◆ Data supplied
↓↓↓

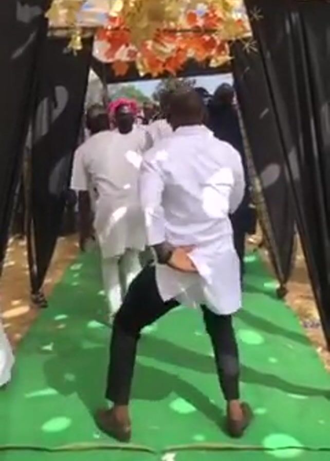 man dancing on a green carpet under a decorated archway. The man is wearing a white shirt, black pants, and brown shoes. He is facing away from the camera and moves his hips and legs. There are other people in the background, most of whom are wearing white clothes. The archway is decorated with black and white fabric and gold and orange foliage.
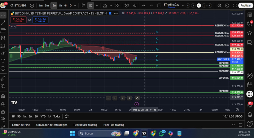 - Resistencia: $118,000 y $120,000 (zona de oferta institucional)
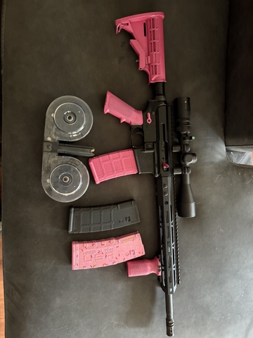 Comes with 3 30 round mags and 1 100 round mag and about 300 rounds of 5.56 and .223 less than 400 rounds threw the gun
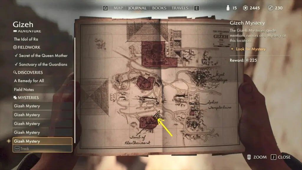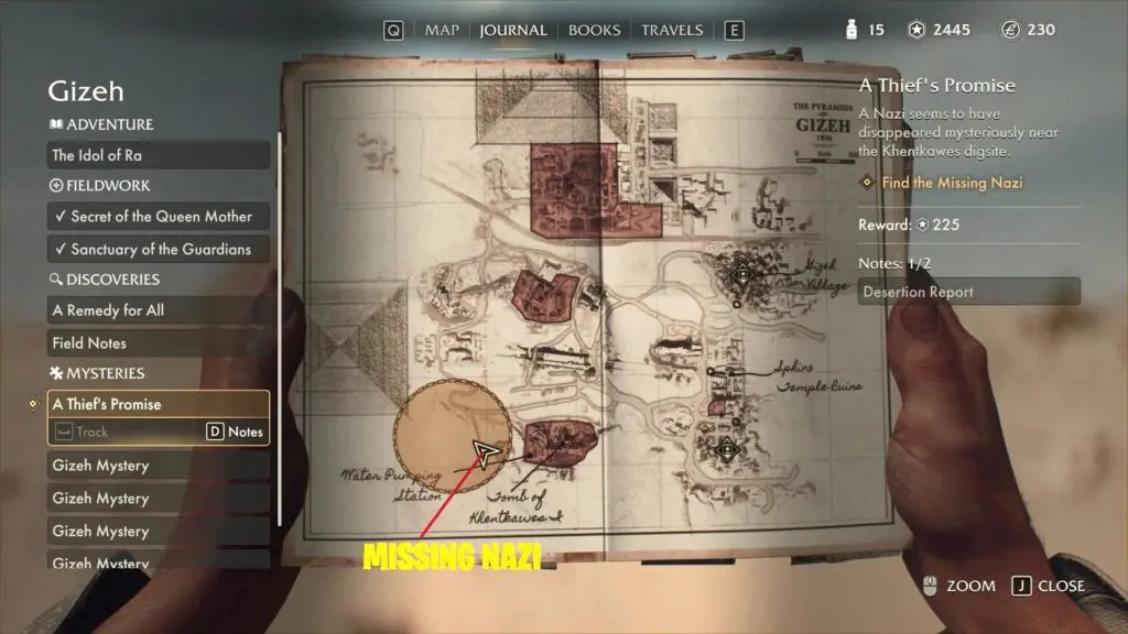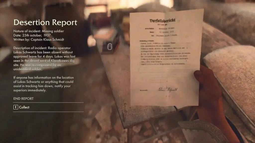 Go to the northeastern part of the Tomb of Khentkawes. Look for a tent, and inside, you’ll find a note called Desertion Report. Make sure to interact with the note to start the mystery.
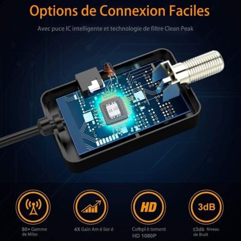 De préférence dans la même ligne de vue que la tour de signalisation. Si votre téléviseur n'en possède pas, vous aurez besoin d'un tuner externe ou d'un convertisseur/décodeur pour recevoir les chaînes. Vous pourrez parfaitement le cacher derrière votre téléviseur ou dans une fenêtre. S'il y a des obstacles plus importants, la plage d'acceptation sera plus petite. AXFEE Set di 8 distributori per antenne 1 distributore adattatore a T 🗼【RÉCEPTION DU SIGNAL STABLE】 L'antenne TV peut recevoir des signaux TV à environ 250 miles de distance, ce qui la rend idéale pour un placement à l'intérieur. Vous bénéficierez d'un accès à vie aux chaînes 4K et 1080p, notamment BBC, ITV, NBC, TVGuide, Fox et plus encore. Antenne TV Intérieur TNT HD, 420KM Antenne HDTV numérique Longue portée,Amplificateur de Signal Chaînes locales gratuites 4K 1080P ... -25€ dès... 🎵【FACILE À INSTALLER】Aucun assemblage requis, connectez-vous simplement au téléviseur via STB ou directement. AXFEE Antenne TV, Antenne TV Numérique Intérieure Profitez de nombreuses chaînes gratuites -----Matériaux de haute qualité, utilisation efficace----- -----Design ultra fin, parfaitement caché----- -----Installation en un clic pour profiter des chaînes gratuites----- spécification Matériel: Cuivre pur Taille: 25 cm * 22 cm Longueur du câble : 3,7 M Liste d'emballage : 1 * récepteur 1 * amplificateur de signal Adaptateur 1 * F vers CEI 1 * feuille de ruban adhésif 1 * manuel d'instructions Avis: 1., Pour éviter les interférences, veuillez vous éloigner de tout appareil à forte consommation d'énergie., 2., La distance de réception est affectée par la distance de la tour de signalisation, veuillez vous référer à la distance réelle., 3., Le mauvais temps peut affecter le signal 4., Veuillez ne pas l'utiliser à des températures extrêmes (température normale -20 ℃-85 ℃) Nous avons un service après-vente professionnel, si vous avez des questions sur nos produits, n'hésitez pas à communiquer et nous résoudrons le problème pour vous dans les plus brefs délais. La fine épaisseur de 0,2 pouce réduit la perte de signal de 50 % et la couche de blindage évite efficacement les interférences électromagnétiques et radiofréquences. Antenne TV Numérique Avec Amplificateur Signal Antenne Tv Intérieur Tnt Hd Puissante, Antenne Tv Intérieure Avec Amplificateur, 420Km Réception Smart Tv Profitez de toutes les émissions de télévision Full HD 1080P/4K Crystal HD gratuites avec votre famille! Il a un design compact, a un aimant puissant pour le maintenir en place et est livré avec un câble coaxial de 5 m, ce qui permet de le placer facilement sans prendre beaucoup de place Il est également livré avec un amplificateur de signal, qui peut amplifier le signal d'origine immédiatement après la réception du signal.

↑↑↑

◆ Task description
Print, exactly, each line above from the one with "- Resistencia: $118,000" to the one with "Go to the northeastern", end lines included. Leave pictures out of it.

◆ Reply
 - Resistencia: $118,000 y $120,000 (zona de oferta institucional)
 Comes with 3 30 round mags and 1 100 round mag and about 300 rounds of 5.56 and .223 less than 400 rounds threw the gun
 Go to the northeastern part of the Tomb of Khentkawes. Look for a tent, and inside, you’ll find a note called Desertion Report. Make sure to interact with the note to start the mystery.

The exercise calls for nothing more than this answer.